◆ **Work request**
Reproduce, exactly and in full, the lines from the one with "エクリュに顔料オーバーダイを" through the one with "美しい光沢感が上品な印象を与" in the data below; drop pictures.
===== Records for the task
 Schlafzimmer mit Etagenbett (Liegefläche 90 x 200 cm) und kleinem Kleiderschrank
==========
===== Records for the task
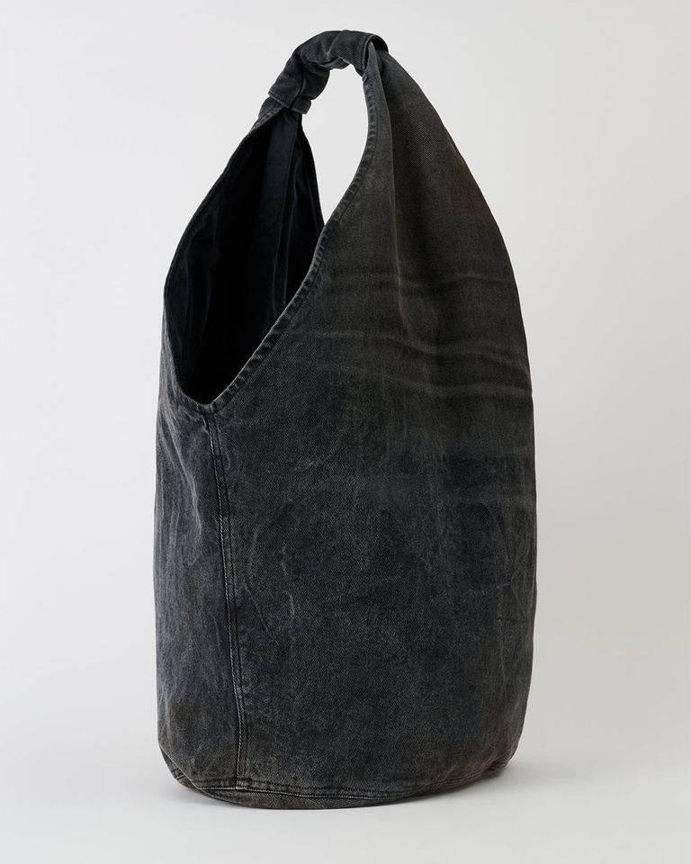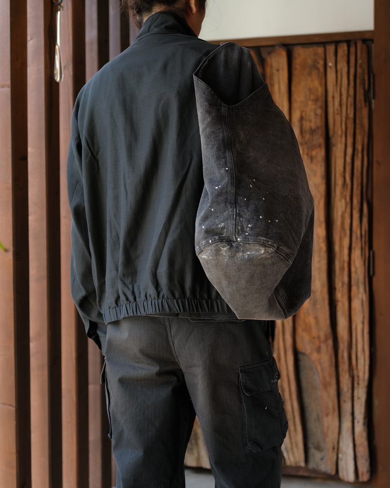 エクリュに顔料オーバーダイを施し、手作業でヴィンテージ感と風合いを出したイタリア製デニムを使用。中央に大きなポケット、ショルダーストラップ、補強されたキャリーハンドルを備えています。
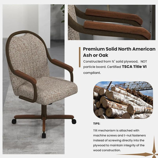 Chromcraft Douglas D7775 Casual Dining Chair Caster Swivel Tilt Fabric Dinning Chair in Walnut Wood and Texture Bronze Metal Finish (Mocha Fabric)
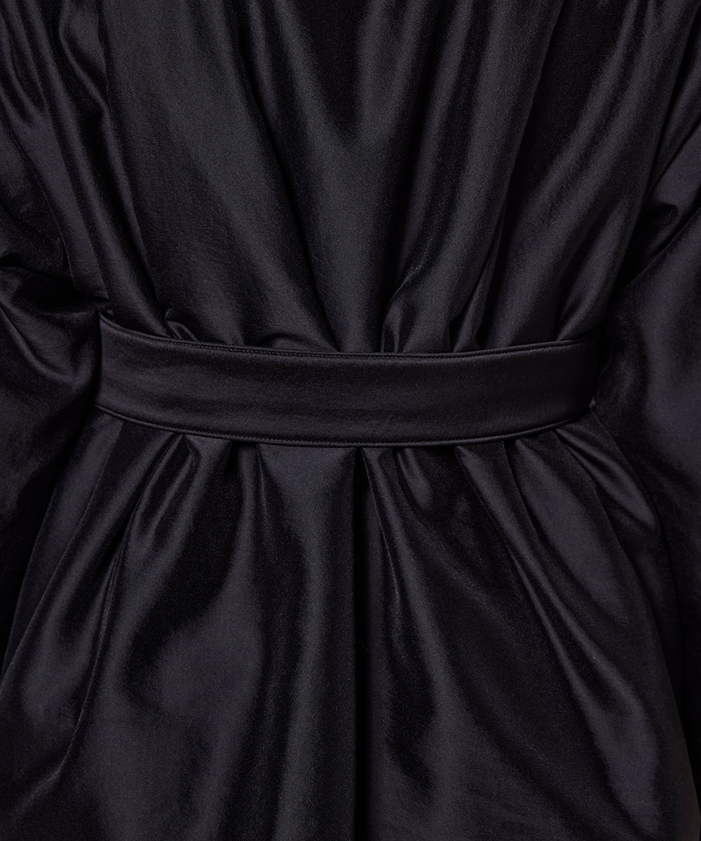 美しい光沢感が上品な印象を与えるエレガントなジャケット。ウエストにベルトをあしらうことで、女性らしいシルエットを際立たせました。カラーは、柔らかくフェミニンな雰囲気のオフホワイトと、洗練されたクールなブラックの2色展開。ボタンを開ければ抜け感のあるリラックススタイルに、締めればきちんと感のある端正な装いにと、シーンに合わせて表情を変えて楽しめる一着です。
==========
◆ **Answer for this exercise**
 エクリュに顔料オーバーダイを施し、手作業でヴィンテージ感と風合いを出したイタリア製デニムを使用。中央に大きなポケット、ショルダーストラップ、補強されたキャリーハンドルを備えています。
 Chromcraft Douglas D7775 Casual Dining Chair Caster Swivel Tilt Fabric Dinning Chair in Walnut Wood and Texture Bronze Metal Finish (Mocha Fabric)
 美しい光沢感が上品な印象を与えるエレガントなジャケット。ウエストにベルトをあしらうことで、女性らしいシルエットを際立たせました。カラーは、柔らかくフェミニンな雰囲気のオフホワイトと、洗練されたクールなブラックの2色展開。ボタンを開ければ抜け感のあるリラックススタイルに、締めればきちんと感のある端正な装いにと、シーンに合わせて表情を変えて楽しめる一着です。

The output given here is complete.